### Supplied material

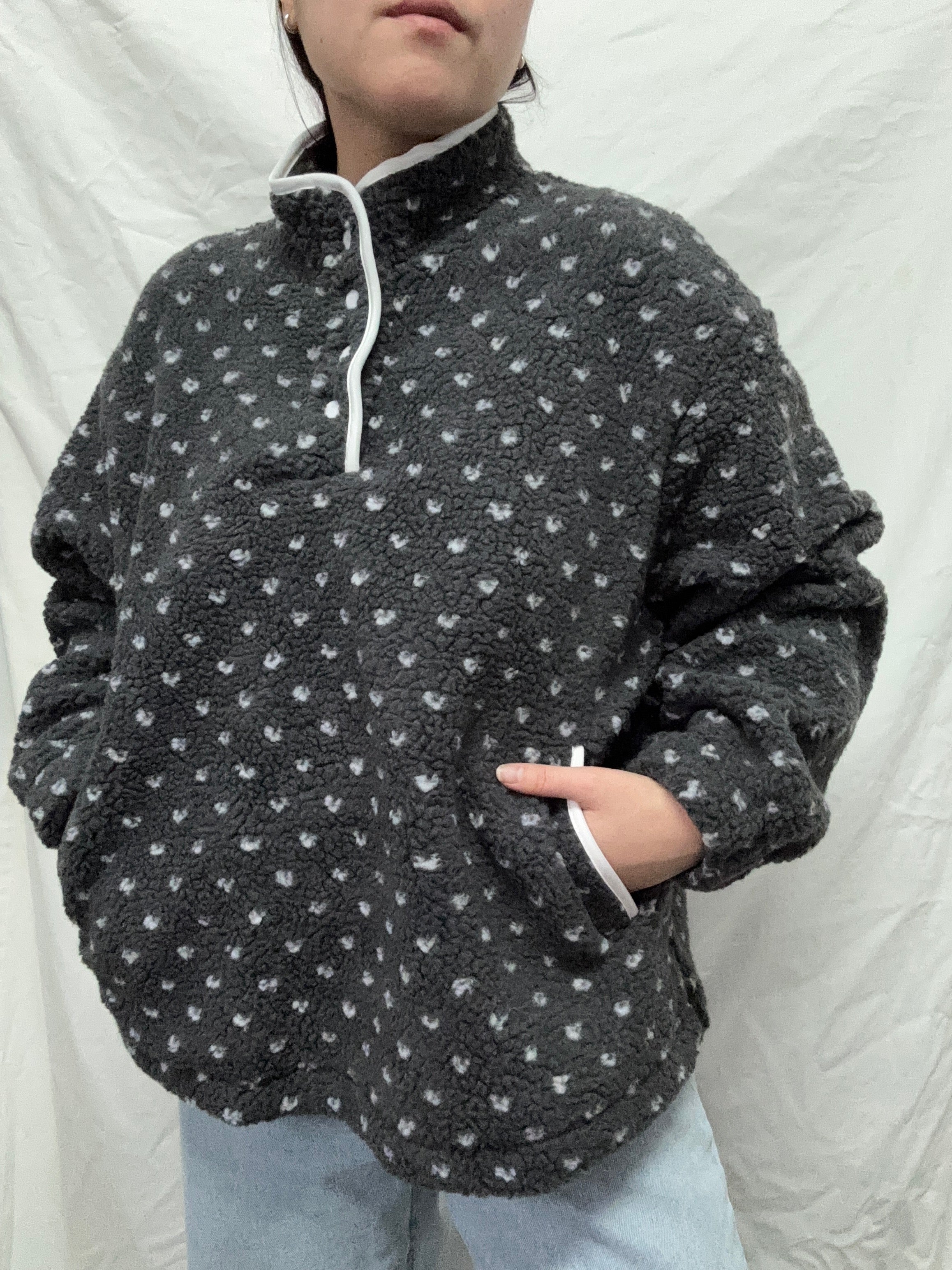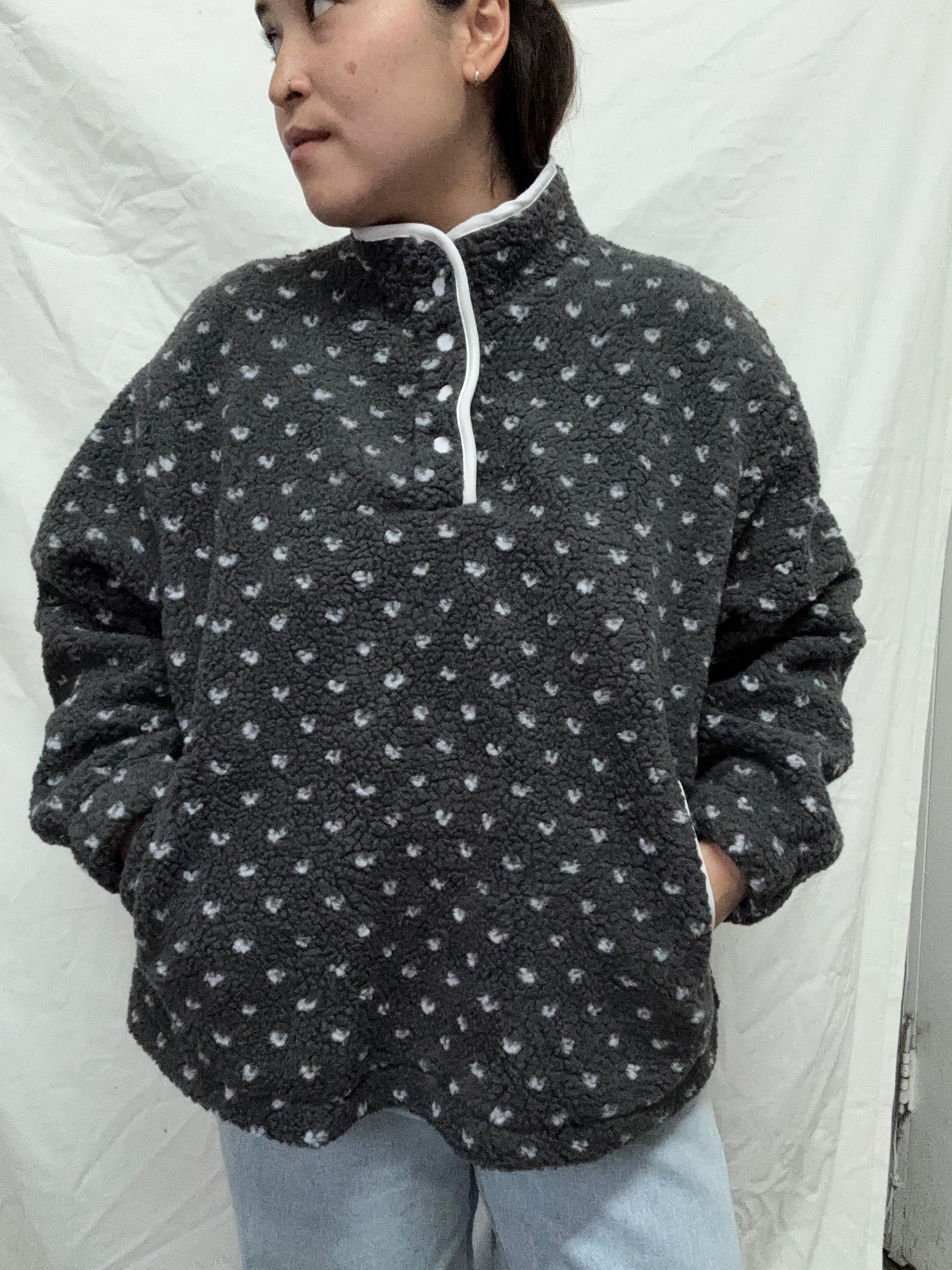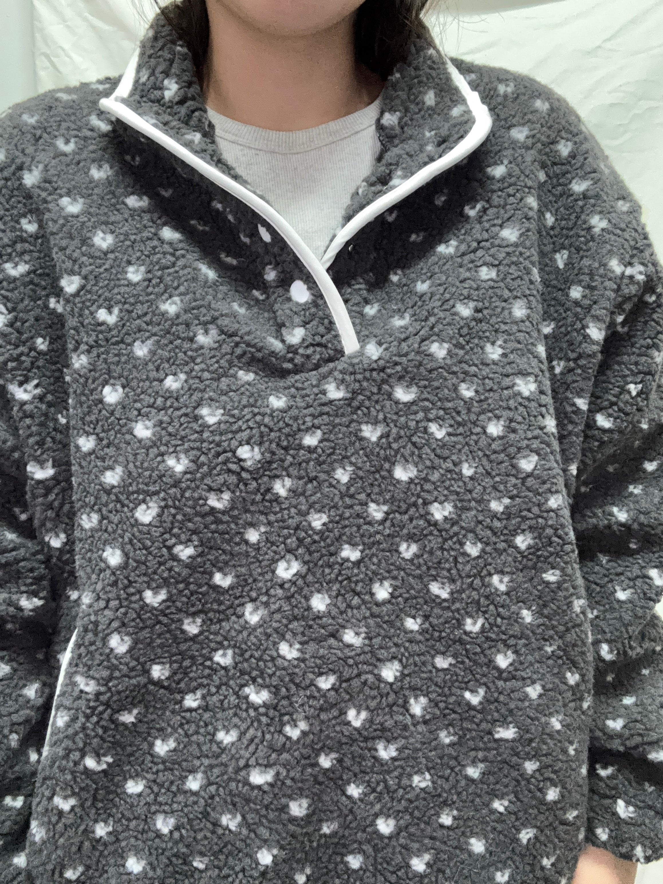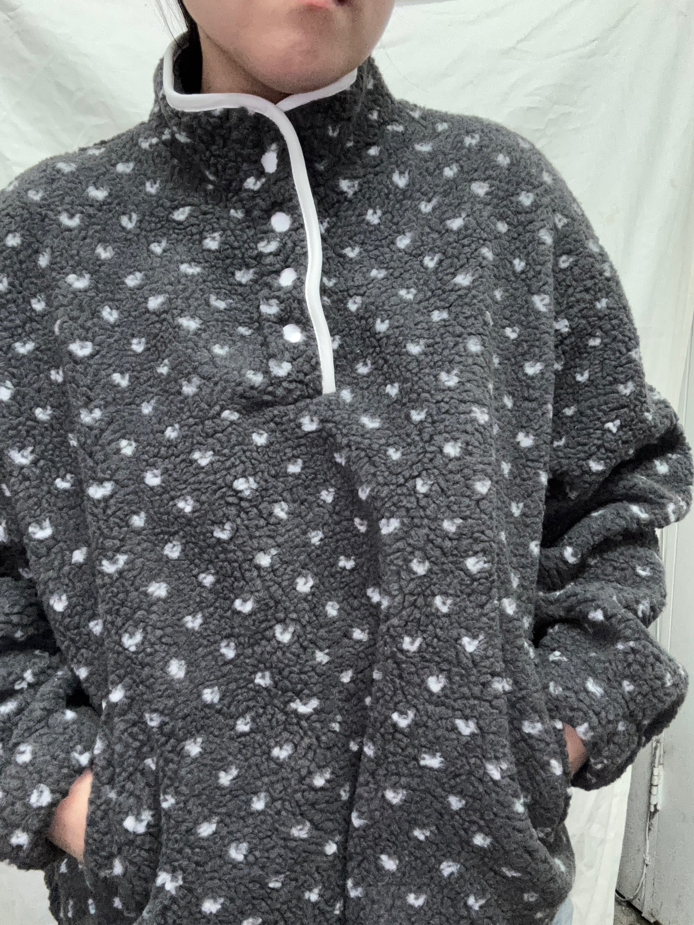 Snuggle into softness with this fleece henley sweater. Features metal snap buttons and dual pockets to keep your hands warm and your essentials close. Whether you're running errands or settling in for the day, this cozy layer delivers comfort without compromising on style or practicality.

######
### Supplied material

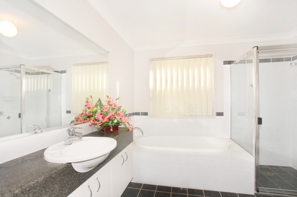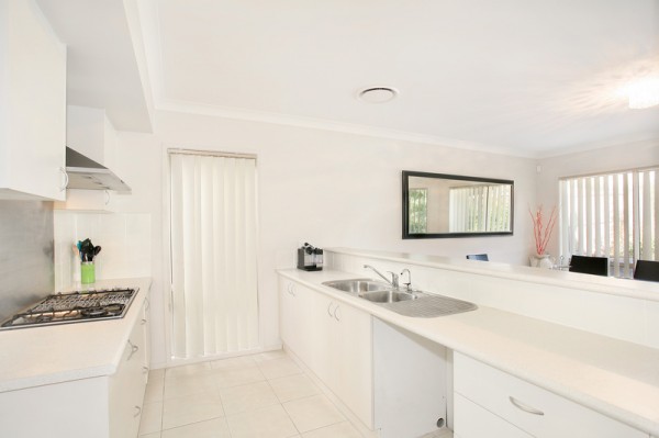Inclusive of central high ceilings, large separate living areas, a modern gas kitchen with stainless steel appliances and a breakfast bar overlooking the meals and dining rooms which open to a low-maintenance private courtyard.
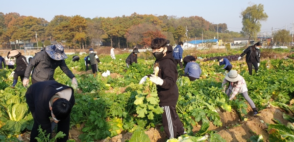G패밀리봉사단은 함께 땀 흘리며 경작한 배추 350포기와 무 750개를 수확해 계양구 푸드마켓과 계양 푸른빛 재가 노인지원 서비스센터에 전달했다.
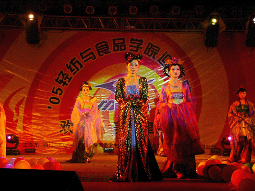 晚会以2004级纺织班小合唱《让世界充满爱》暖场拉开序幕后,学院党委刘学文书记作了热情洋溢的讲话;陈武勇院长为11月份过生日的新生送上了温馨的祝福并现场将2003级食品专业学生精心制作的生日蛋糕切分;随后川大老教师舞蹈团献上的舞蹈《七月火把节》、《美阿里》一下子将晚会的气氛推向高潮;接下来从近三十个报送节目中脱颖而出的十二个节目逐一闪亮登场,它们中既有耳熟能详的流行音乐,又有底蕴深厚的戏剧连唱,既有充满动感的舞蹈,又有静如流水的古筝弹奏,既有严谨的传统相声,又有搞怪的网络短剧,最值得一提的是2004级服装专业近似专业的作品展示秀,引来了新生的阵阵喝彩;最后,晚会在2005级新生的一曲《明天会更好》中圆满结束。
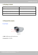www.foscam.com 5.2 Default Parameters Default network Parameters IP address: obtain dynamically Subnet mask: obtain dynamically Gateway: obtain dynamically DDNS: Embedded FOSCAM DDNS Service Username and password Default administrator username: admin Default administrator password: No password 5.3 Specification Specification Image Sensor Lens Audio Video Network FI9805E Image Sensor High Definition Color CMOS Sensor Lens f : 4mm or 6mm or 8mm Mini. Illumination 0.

######
### Supplied material

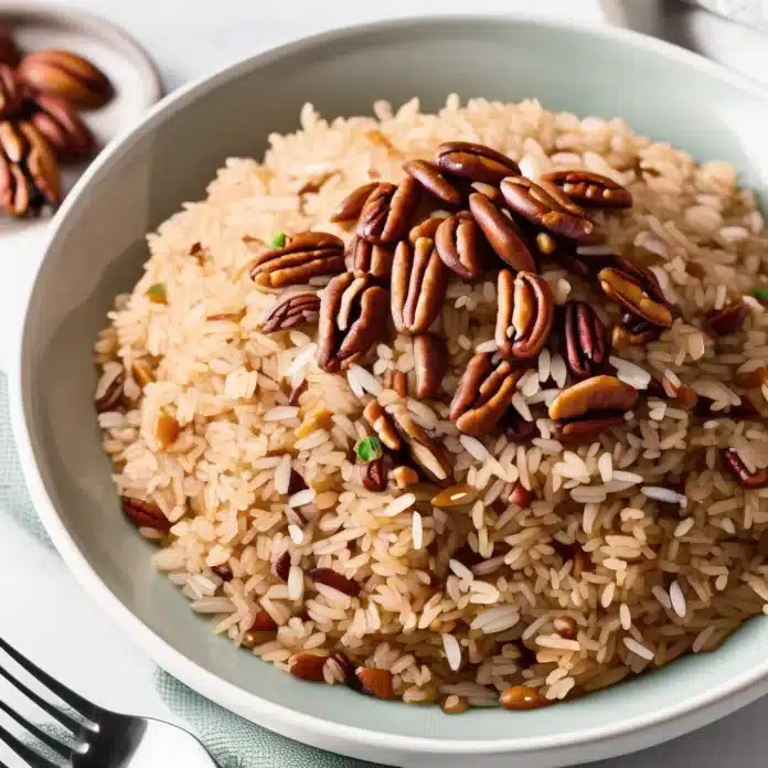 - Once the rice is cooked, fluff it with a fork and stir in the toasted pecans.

######

■ **Task directions**: In the records above, everything from the line with "G패밀리봉사단은 함께 땀" down to the line with "www.foscam.com 5.2 Default" is to be set down exactly, both ends included, with no pictures and no other lines.

■ **Response area**:
G패밀리봉사단은 함께 땀 흘리며 경작한 배추 350포기와 무 750개를 수확해 계양구 푸드마켓과 계양 푸른빛 재가 노인지원 서비스센터에 전달했다.
 晚会以2004级纺织班小合唱《让世界充满爱》暖场拉开序幕后,学院党委刘学文书记作了热情洋溢的讲话;陈武勇院长为11月份过生日的新生送上了温馨的祝福并现场将2003级食品专业学生精心制作的生日蛋糕切分;随后川大老教师舞蹈团献上的舞蹈《七月火把节》、《美阿里》一下子将晚会的气氛推向高潮;接下来从近三十个报送节目中脱颖而出的十二个节目逐一闪亮登场,它们中既有耳熟能详的流行音乐,又有底蕴深厚的戏剧连唱,既有充满动感的舞蹈,又有静如流水的古筝弹奏,既有严谨的传统相声,又有搞怪的网络短剧,最值得一提的是2004级服装专业近似专业的作品展示秀,引来了新生的阵阵喝彩;最后,晚会在2005级新生的一曲《明天会更好》中圆满结束。
www.foscam.com 5.2 Default Parameters Default network Parameters IP address: obtain dynamically Subnet mask: obtain dynamically Gateway: obtain dynamically DDNS: Embedded FOSCAM DDNS Service Username and password Default administrator username: admin Default administrator password: No password 5.3 Specification Specification Image Sensor Lens Audio Video Network FI9805E Image Sensor High Definition Color CMOS Sensor Lens f : 4mm or 6mm or 8mm Mini. Illumination 0.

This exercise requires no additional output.